→ TASK INPUT:
▬▬▬

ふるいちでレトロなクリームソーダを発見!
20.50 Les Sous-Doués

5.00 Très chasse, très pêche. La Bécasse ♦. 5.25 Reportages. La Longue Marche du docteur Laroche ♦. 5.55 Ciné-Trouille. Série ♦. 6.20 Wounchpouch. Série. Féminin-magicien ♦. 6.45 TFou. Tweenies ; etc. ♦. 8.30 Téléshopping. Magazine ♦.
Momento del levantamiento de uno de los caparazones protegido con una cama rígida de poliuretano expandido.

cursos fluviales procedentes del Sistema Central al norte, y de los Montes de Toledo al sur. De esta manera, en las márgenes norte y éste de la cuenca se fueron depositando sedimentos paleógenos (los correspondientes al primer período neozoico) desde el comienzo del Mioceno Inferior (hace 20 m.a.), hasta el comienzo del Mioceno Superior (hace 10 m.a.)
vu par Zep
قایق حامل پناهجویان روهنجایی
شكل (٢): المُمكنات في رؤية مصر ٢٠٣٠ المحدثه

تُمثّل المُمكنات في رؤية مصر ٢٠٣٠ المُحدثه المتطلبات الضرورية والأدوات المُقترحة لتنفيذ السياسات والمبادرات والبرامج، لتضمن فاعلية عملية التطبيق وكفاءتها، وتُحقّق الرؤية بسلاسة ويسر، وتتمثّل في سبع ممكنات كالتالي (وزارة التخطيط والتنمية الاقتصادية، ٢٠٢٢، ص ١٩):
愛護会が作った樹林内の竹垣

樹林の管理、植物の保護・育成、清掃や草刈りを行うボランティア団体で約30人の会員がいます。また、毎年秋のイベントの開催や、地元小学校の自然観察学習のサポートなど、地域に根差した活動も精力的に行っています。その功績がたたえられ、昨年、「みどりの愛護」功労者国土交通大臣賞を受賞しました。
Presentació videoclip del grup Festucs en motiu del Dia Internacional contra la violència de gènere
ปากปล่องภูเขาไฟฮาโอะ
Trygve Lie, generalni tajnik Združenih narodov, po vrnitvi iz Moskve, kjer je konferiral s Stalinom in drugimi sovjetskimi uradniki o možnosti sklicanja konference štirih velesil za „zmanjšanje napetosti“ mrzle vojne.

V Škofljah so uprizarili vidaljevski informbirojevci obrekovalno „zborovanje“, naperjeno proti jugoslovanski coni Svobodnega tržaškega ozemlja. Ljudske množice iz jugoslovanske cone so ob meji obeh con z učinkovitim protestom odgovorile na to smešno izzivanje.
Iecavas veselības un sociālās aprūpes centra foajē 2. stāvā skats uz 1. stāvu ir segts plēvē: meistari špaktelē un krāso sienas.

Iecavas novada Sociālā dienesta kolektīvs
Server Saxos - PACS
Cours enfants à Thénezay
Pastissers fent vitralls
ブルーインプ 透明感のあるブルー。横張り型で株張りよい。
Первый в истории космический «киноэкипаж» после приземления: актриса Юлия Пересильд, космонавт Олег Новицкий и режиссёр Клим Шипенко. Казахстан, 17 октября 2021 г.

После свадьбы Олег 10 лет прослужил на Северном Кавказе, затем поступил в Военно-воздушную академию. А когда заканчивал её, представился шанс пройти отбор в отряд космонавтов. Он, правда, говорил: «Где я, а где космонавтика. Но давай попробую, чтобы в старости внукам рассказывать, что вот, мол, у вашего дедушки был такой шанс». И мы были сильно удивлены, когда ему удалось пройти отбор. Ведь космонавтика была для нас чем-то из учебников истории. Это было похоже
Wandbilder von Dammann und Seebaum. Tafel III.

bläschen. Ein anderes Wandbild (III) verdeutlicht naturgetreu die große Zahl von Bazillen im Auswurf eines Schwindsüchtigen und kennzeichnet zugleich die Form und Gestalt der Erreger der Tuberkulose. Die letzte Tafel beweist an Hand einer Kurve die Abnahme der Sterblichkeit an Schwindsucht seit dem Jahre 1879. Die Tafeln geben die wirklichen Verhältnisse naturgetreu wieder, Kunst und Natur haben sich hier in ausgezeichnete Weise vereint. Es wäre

▬▬▬

→ PROBLEM TO WORK ON:
Every line above from the line with "Trygve Lie, generalni" to the line with "Wandbilder von Dammann", inclusive, must be returned exactly; no other line belongs in the reply.

→ YOUR SOLUTION:
Trygve Lie, generalni tajnik Združenih narodov, po vrnitvi iz Moskve, kjer je konferiral s Stalinom in drugimi sovjetskimi uradniki o možnosti sklicanja konference štirih velesil za „zmanjšanje napetosti“ mrzle vojne.

V Škofljah so uprizarili vidaljevski informbirojevci obrekovalno „zborovanje“, naperjeno proti jugoslovanski coni Svobodnega tržaškega ozemlja. Ljudske množice iz jugoslovanske cone so ob meji obeh con z učinkovitim protestom odgovorile na to smešno izzivanje.
Iecavas veselības un sociālās aprūpes centra foajē 2. stāvā skats uz 1. stāvu ir segts plēvē: meistari špaktelē un krāso sienas.

Iecavas novada Sociālā dienesta kolektīvs
Server Saxos - PACS
Cours enfants à Thénezay
Pastissers fent vitralls
ブルーインプ 透明感のあるブルー。横張り型で株張りよい。
Первый в истории космический «киноэкипаж» после приземления: актриса Юлия Пересильд, космонавт Олег Новицкий и режиссёр Клим Шипенко. Казахстан, 17 октября 2021 г.

После свадьбы Олег 10 лет прослужил на Северном Кавказе, затем поступил в Военно-воздушную академию. А когда заканчивал её, представился шанс пройти отбор в отряд космонавтов. Он, правда, говорил: «Где я, а где космонавтика. Но давай попробую, чтобы в старости внукам рассказывать, что вот, мол, у вашего дедушки был такой шанс». И мы были сильно удивлены, когда ему удалось пройти отбор. Ведь космонавтика была для нас чем-то из учебников истории. Это было похоже
Wandbilder von Dammann und Seebaum. Tafel III.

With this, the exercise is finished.